Historia kłopotów tej misji rozpoczęła się wraz z końcem poprzedniej. Kiedy w listopadzie zeszłego roku lądował Endeavor, okazało się, że odkruszył się fragment jednego z zaworków w silniku promu. Element ten odpowiedzialny jest za utrzymywanie właściwego ciśnienia wewnątrz silników paliwowych. Zaworki - czyli tak naprawdę metalowe rurki o długości 7 centymetrów - pracują tylko podczas 8,5-minutowego startu wahadłowca.

Reklama

Po powrocie Endeavora inżynierowie NASA przeprowadzili śledztwo w sprawie wadliwego kawałka metalu. Jego wyniki okazały się niezbyt zachęcające. Otóż uszkodzenie nie powstało ani w efekcie ataku terrorystycznego, ani nawet błędnej konserwacji. Jak przyznała NASA, usterka wynika z... wieku promu. Wbrew pozorom to chyba najgorsza wiadomość z możliwych. Wskazuje bowiem, że nie tylko w Endeavorze, ale także w pozostałych mocno wyeksploatowanych promach w każdej chwili coś może się zepsuć. I stąd właśnie przed startem Discovery musiał przejść skrupulatne badania, które opóźniły lot o cały miesiąc.

Powagi sytuacji najlepiej dowodzi to, że na stronie poświęconej misji NASA opublikowała specjalny artykuł opisujący tylko i wyłącznie budowę i funkcję słynnych już zaworków. Załączono również zdjęcia pokazujące części, które w całym gigantycznym promie są zaledwie trzy.

Dotychczas nieco przestarzałe promy modernizowane były tylko raz - po katastrofie Columbii sześć lat temu. Wprowadzono wtedy również specjalne procedury bezpieczeństwa polegające na tym, że po udanym starcie, a przed dokowaniem do ISS prom dokonuje kilku manewrów przed stacją, tak by jej załoga mogła dokładnie przyjrzeć się poszyciu wahadłowca i sprawdzić, czy przypadkiem nic od niego nie odpadło.

"Jesteśmy gotowi do startu" - oświadczył ostatecznie w niedzielę dowódca tej misji Lee Archambault. Będzie on jednym z siedmiu astronautów, którzy polecą dzisiaj na Międzynarodową Stację Kosmiczną. Najważniejszym zadaniem Discovery jest przetransportowanie nad Ziemię ostatniego zestawu paneli słonecznych, który zostanie zamontowany na zewnętrznej kratownicy stacji.

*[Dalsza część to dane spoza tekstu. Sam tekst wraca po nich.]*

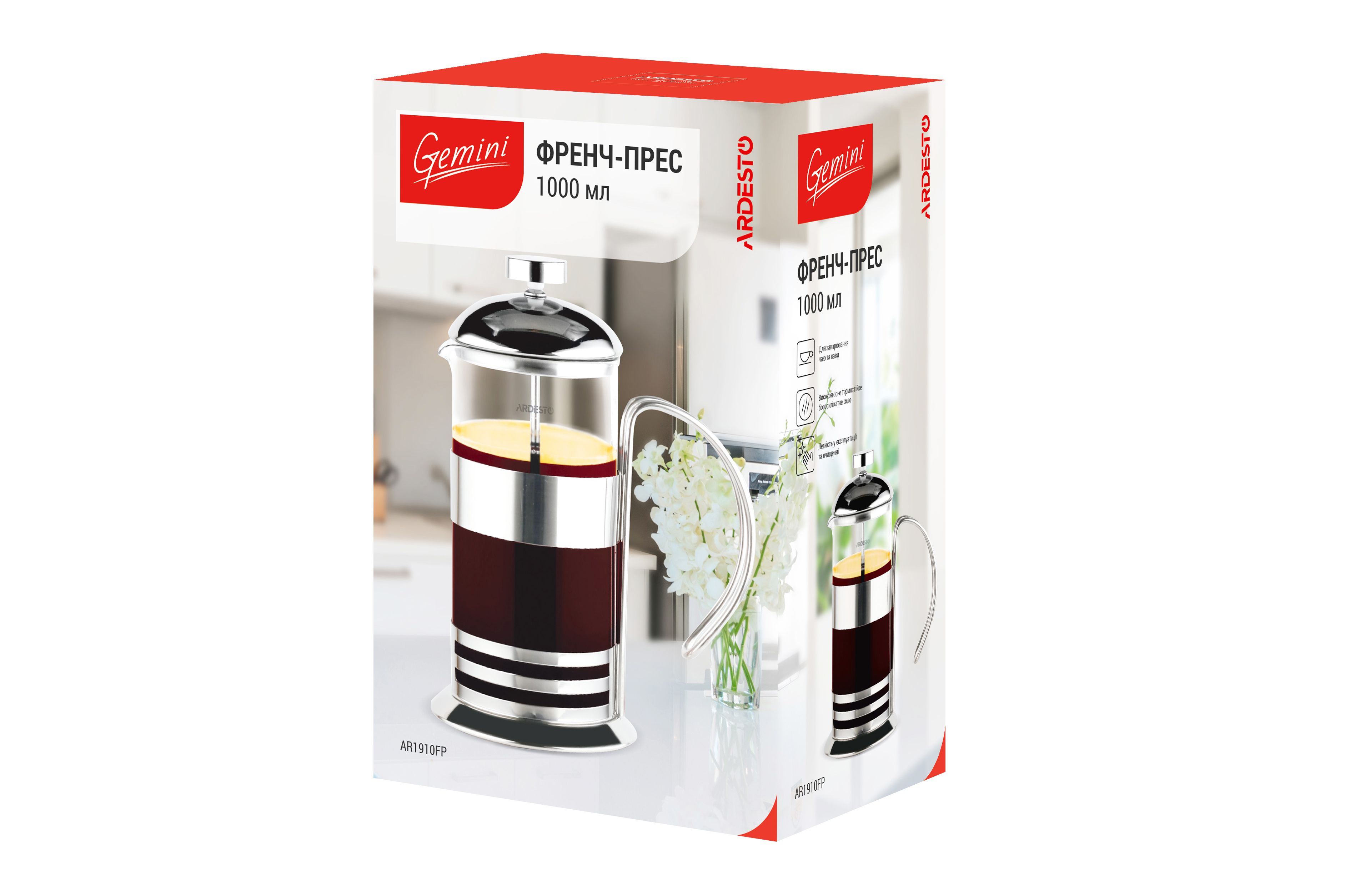 Френч-прес серії Gemini для приготування гарячих та холодних напоїв. Об’єм складає 1000 мл. Корпус чайника виготовлено з нержавіючої сталі, знімну колбу з боросилікатного скла, а фільтр з нержавіючої сталі. Підходить для очищення в посудомийній машині.

Dzięki nimi ISS będzie wreszcie pracować na pełnych mocach, czyli wykorzytując maksymalny pobór energii słonecznej.

Misja zaplanowana jest na dwa tygodnie. Potem Discovery wróci na Ziemię, kończąc 125. lot wahadłowców. Do zakończenia misji tej generacji promów pozostanie tylko dziewięć startów, a wahadłowce zostaną ostatecznie odesłane do lamusa już w przyszłym roku. Na kilka lat NASA zawiesi loty na ISS - kontakt ze stacją będzie utrzymywany dzięki rosyjskim Sojuzom.